* [AIM OF THE TASK]: Exact transcription begins at the first line of the material below and ends with the line holding "受付にはご友人が作ってくれたマカロンタワーやボトルオブジェ"; pictures are skipped.
━━━ TASK MATERIAL ━━━
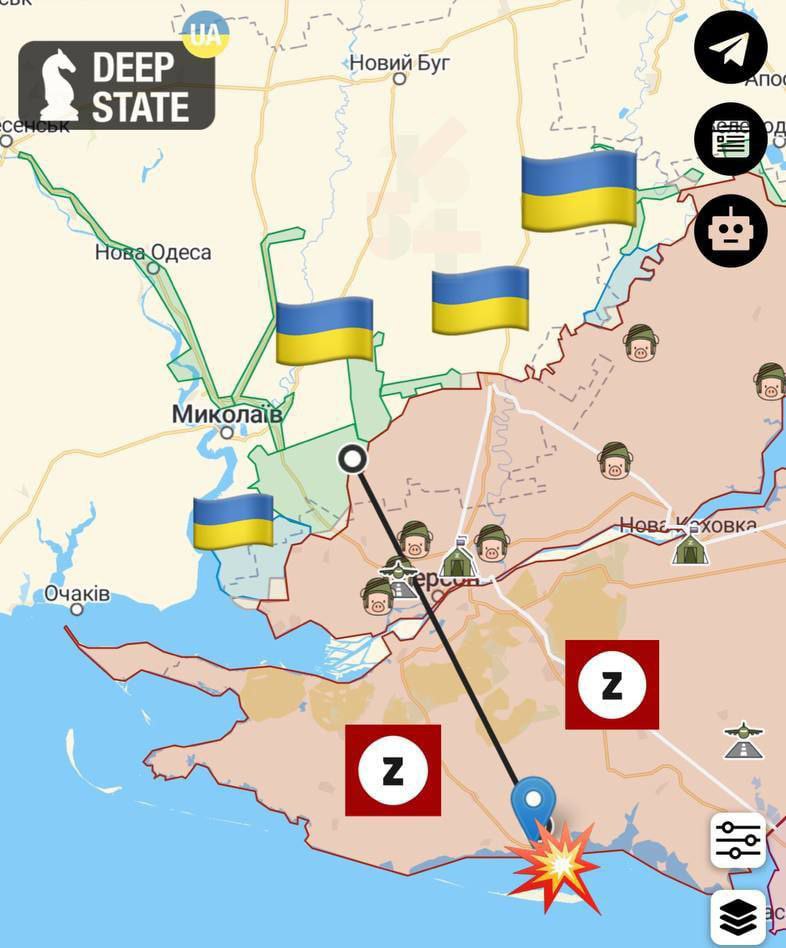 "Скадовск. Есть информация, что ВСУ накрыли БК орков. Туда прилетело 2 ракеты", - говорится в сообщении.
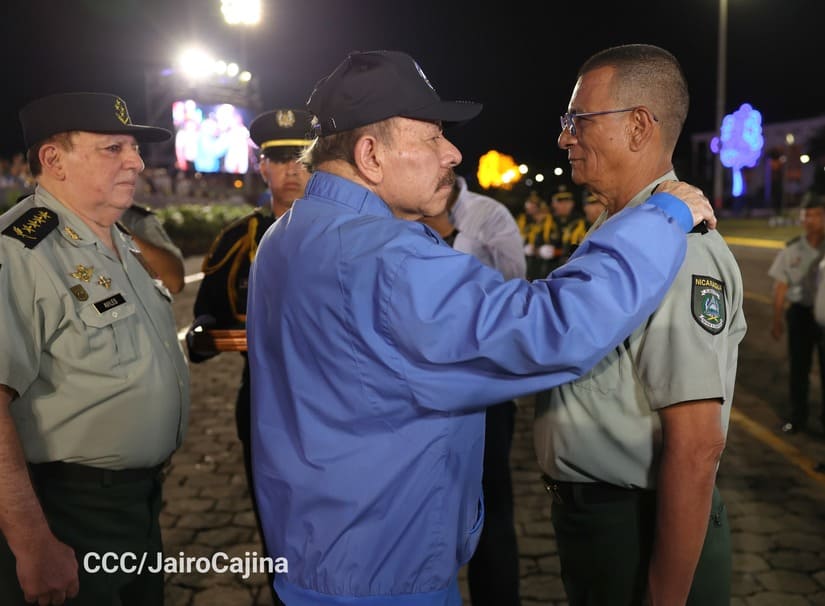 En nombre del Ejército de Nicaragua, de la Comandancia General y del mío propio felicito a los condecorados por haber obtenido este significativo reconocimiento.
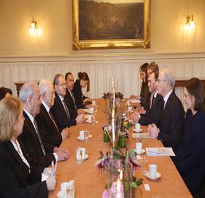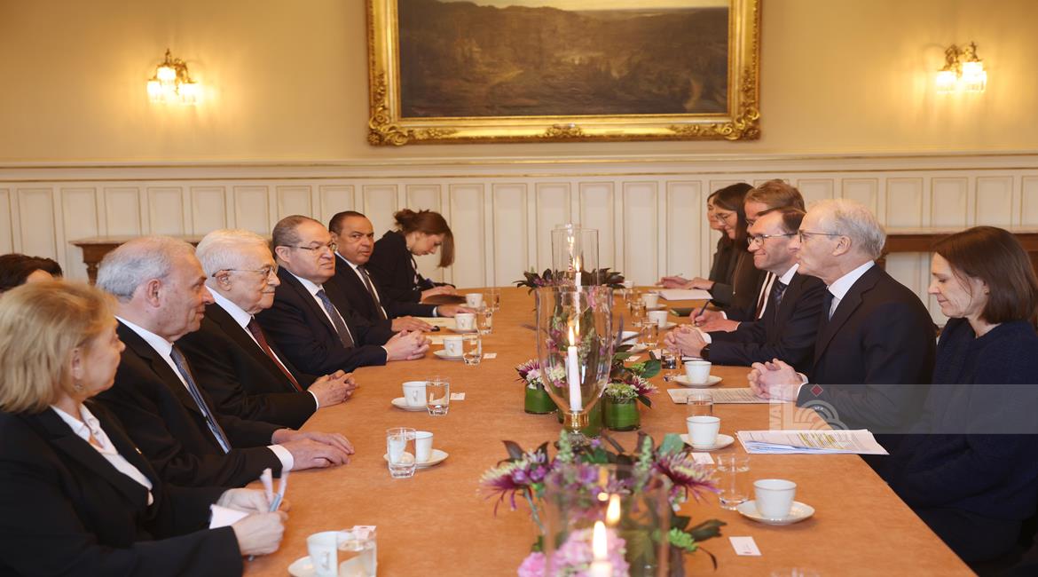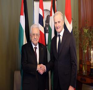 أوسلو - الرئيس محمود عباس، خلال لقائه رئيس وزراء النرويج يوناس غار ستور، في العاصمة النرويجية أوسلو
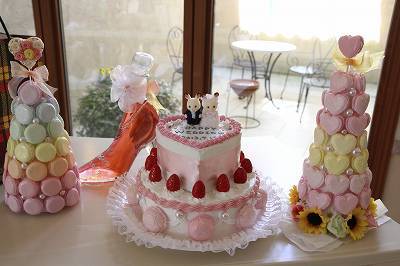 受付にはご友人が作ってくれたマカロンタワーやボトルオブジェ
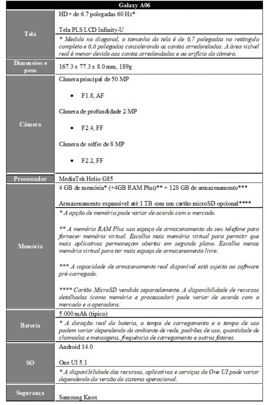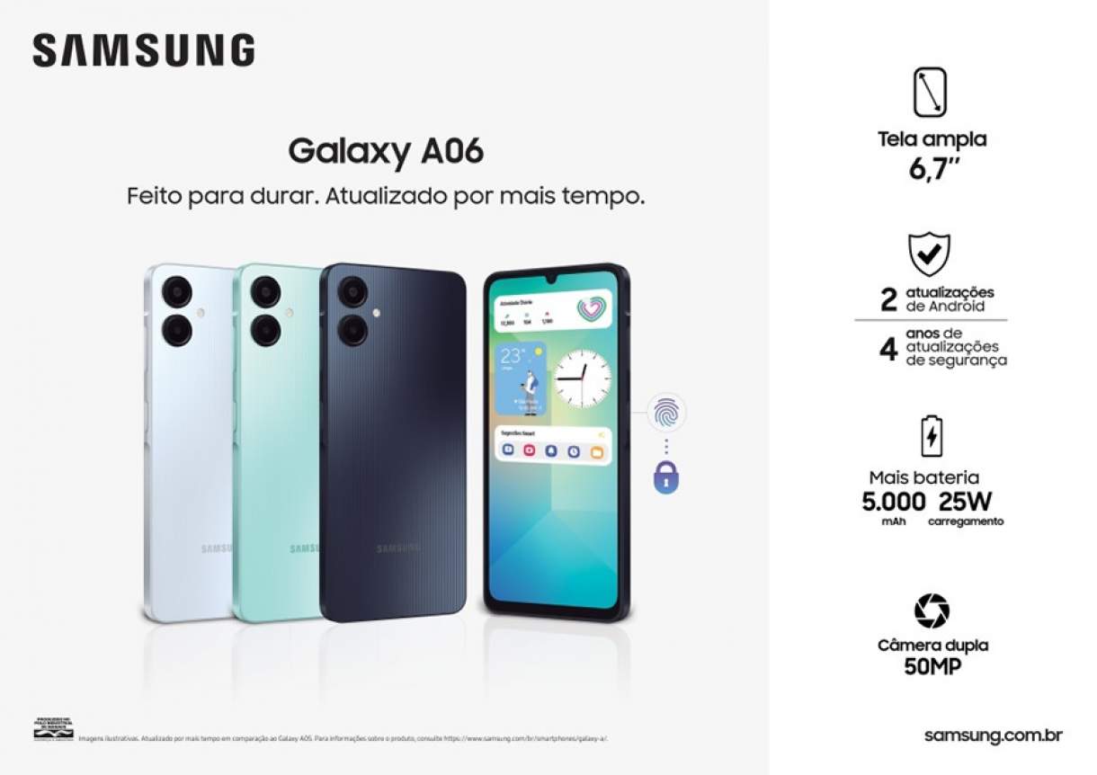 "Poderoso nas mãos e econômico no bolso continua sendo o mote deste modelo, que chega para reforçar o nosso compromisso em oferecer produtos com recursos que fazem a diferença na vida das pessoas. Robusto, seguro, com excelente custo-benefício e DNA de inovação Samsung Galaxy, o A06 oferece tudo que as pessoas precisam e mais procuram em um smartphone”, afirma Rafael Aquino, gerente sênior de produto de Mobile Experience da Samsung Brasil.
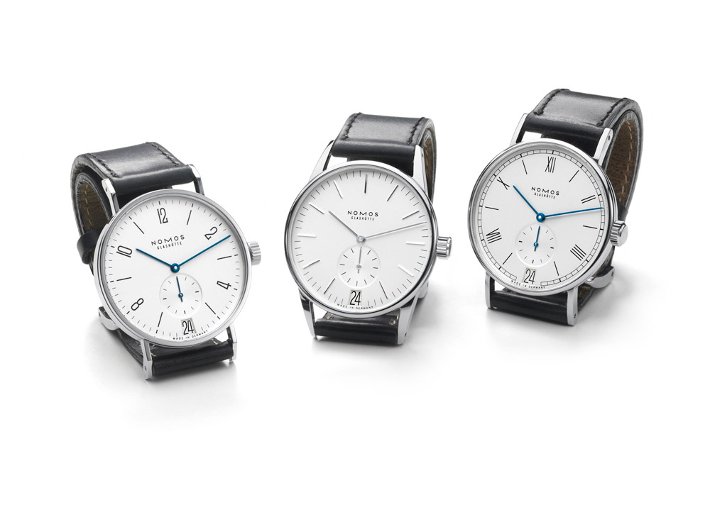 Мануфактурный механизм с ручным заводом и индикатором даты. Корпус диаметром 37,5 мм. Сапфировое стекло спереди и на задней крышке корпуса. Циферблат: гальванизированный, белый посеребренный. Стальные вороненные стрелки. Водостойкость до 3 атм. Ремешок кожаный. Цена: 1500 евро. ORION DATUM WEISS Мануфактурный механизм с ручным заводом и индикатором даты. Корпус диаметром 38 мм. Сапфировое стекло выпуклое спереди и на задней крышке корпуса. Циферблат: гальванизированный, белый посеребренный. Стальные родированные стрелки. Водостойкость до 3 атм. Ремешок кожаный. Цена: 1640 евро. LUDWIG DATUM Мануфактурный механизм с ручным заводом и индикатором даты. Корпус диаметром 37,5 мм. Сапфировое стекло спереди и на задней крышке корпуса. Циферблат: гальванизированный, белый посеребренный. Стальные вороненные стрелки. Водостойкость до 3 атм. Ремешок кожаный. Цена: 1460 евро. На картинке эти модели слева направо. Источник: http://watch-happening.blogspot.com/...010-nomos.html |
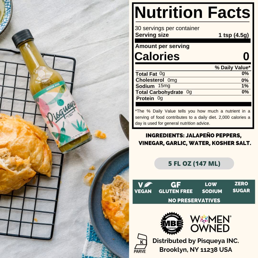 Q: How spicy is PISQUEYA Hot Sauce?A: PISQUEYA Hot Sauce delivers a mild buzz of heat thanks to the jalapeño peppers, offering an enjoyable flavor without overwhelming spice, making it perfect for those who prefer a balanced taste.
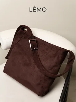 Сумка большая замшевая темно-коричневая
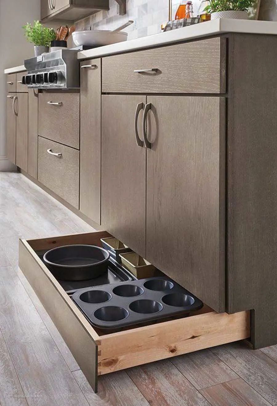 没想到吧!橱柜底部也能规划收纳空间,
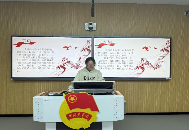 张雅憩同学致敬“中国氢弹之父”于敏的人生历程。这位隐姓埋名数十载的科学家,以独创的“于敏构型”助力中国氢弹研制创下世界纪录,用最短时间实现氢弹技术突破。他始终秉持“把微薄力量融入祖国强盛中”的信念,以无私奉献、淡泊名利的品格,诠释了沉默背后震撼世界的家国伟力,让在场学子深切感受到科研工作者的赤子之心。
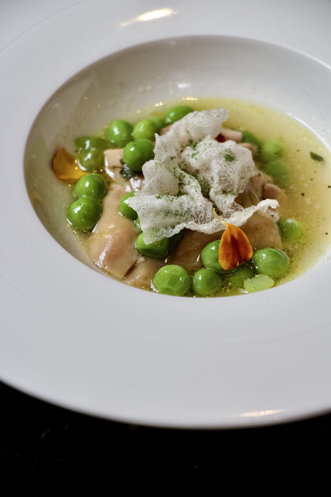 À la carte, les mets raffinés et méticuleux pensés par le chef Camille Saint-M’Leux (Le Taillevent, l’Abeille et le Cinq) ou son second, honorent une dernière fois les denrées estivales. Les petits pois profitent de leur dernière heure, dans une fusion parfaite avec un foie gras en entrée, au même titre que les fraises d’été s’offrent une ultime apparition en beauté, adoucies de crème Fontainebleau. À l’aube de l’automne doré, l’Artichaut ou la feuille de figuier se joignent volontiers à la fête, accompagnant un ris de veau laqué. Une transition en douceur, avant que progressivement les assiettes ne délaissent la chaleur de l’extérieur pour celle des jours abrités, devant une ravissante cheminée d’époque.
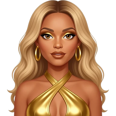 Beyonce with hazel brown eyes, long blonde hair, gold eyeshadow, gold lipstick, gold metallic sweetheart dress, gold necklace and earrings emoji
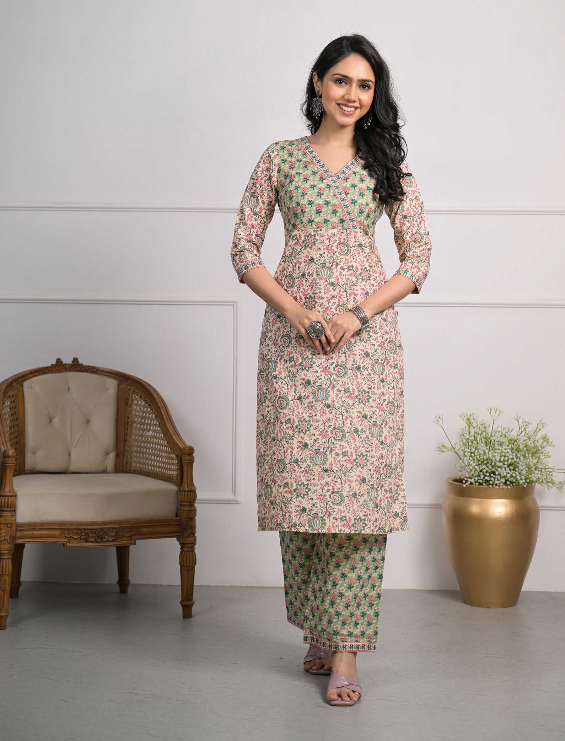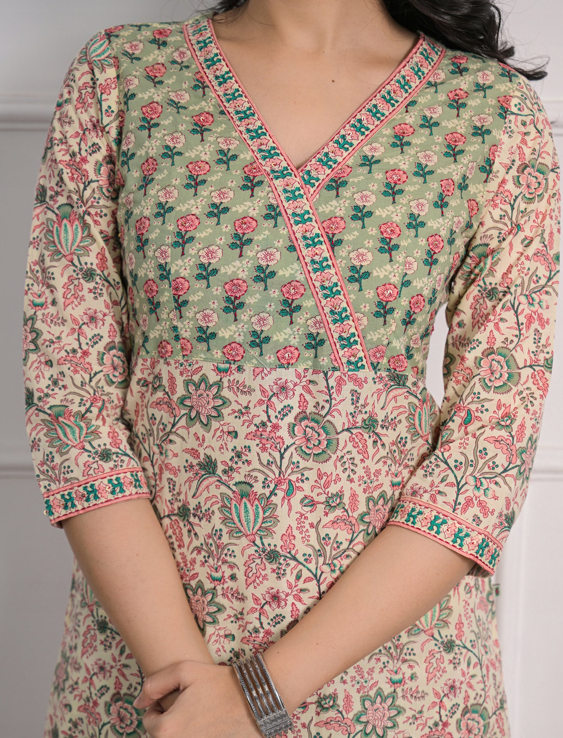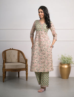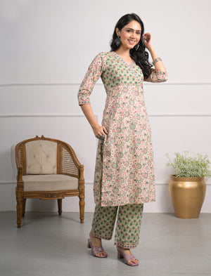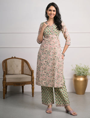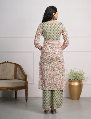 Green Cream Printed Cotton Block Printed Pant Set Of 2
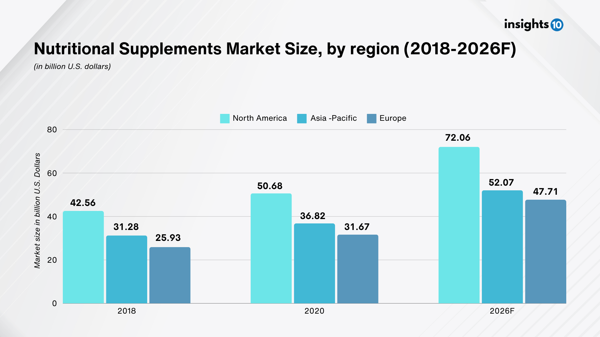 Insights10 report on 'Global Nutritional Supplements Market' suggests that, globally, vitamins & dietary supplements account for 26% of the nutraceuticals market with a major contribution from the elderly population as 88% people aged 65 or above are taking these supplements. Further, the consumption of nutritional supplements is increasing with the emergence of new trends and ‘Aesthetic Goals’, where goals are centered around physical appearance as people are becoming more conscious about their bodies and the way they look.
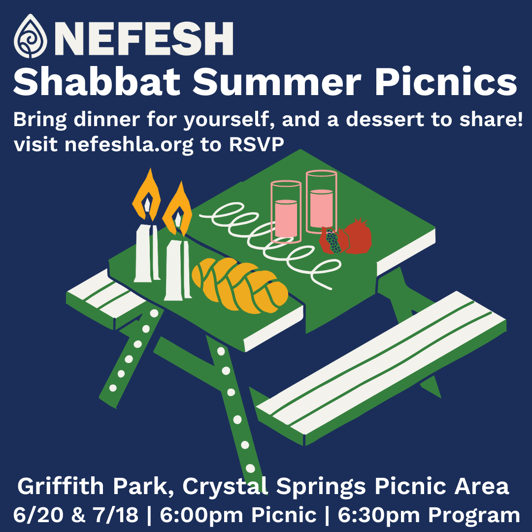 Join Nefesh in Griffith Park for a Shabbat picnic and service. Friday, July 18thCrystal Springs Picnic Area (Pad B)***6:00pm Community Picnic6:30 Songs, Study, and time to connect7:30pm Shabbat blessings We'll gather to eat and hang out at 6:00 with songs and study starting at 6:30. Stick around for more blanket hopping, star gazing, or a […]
━━━
* [SOLVED EXERCISE]:
 "Скадовск. Есть информация, что ВСУ накрыли БК орков. Туда прилетело 2 ракеты", - говорится в сообщении.
 En nombre del Ejército de Nicaragua, de la Comandancia General y del mío propio felicito a los condecorados por haber obtenido este significativo reconocimiento.
 أوسلو - الرئيس محمود عباس، خلال لقائه رئيس وزراء النرويج يوناس غار ستور، في العاصمة النرويجية أوسلو
 受付にはご友人が作ってくれたマカロンタワーやボトルオブジェ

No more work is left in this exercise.